— Предание гласит, — в страшном оцепенении заговорил Фостер, — что продавшиеся дьяволу души состоят не из праха, а из жира, который разъедают черви, покуда из тления не разовьется страшный источник жизни, и мучит их сера земная, и раздуваются они ужасно, и мучаются этим… и учатся ходить, ползая!

Более не в состоянии смотреть на существо, которое, упираясь, упало на колени в обреченной попытке перебороть захлестнувшую костлявое тело слабость, я глядел в пол. Кошмарное в своей "жизни", в своей "смерти", оно смогло достичь новых измерений безобразия и ужаса. Не мог я выносить вида жгучей глубины буравящих запавших глаз, через нас проникавших взглядом в дом. Во взгляде было нечто такое, отчего сама собой во мне поднималась паника.
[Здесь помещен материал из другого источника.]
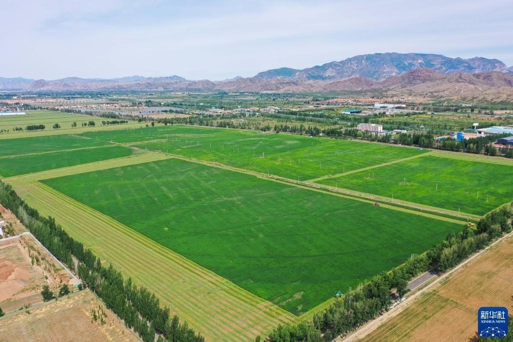這是6月4日拍攝的土默特左旗國家現(xiàn)代農(nóng)業(yè)示范區(qū)內(nèi)的苜蓿種植基地(無人機照片)。

Вдруг за нашей спиной послышались звуки, словно кто-то быстро сбегал по лестнице. Это произошло так неожиданно, что я не смог среагировать сразу. Когда же я все-таки сообразил повернуться, мимо меня пронесся Пул. Я предостерегающе вскрикнул, но он оттолкнул меня и яростно набросился на Фостера. Маленький библиотекарь собрался обернуться, когда его настиг удар в челюсть. Даже не успев охнуть, Фостер отлетел к двери в подвал, пытаясь за нее удержаться. Но Пул не дал ему время на восстановление равновесия и со всей силы ударил в живот. Фостер сложился вдвое, и тут Пул схватил его за руку и толкнул в дверной проем. Не успел я ничего предпринять, как Фостер полетел во тьму с верхней ступени подвальной лестницы. Словно возродившись, мерзкий аббат заключил Фостера в объятия. По-видимому, не слишком понимая, что делает, библиотекарь размахнулся керосиновой лампой, которую все еще сжимал в руке, и неистово огрел ею страшное существо. Гнилостное разложение, вытекающее из черепа, плеснулось на лампу, которая померкла на мгновение, а потом упала на пол. Пламя метнулось вверх, лизнуло рясу аббата, затем переключилось на лужу керосина, растекшуюся у их ног. Будто подпитываясь не пинтой-двумя керосина из резервуара лампы, а чем-то большим, гудящий огонь взмыл вверх, истребляя в ревущем лютом пламени обоих.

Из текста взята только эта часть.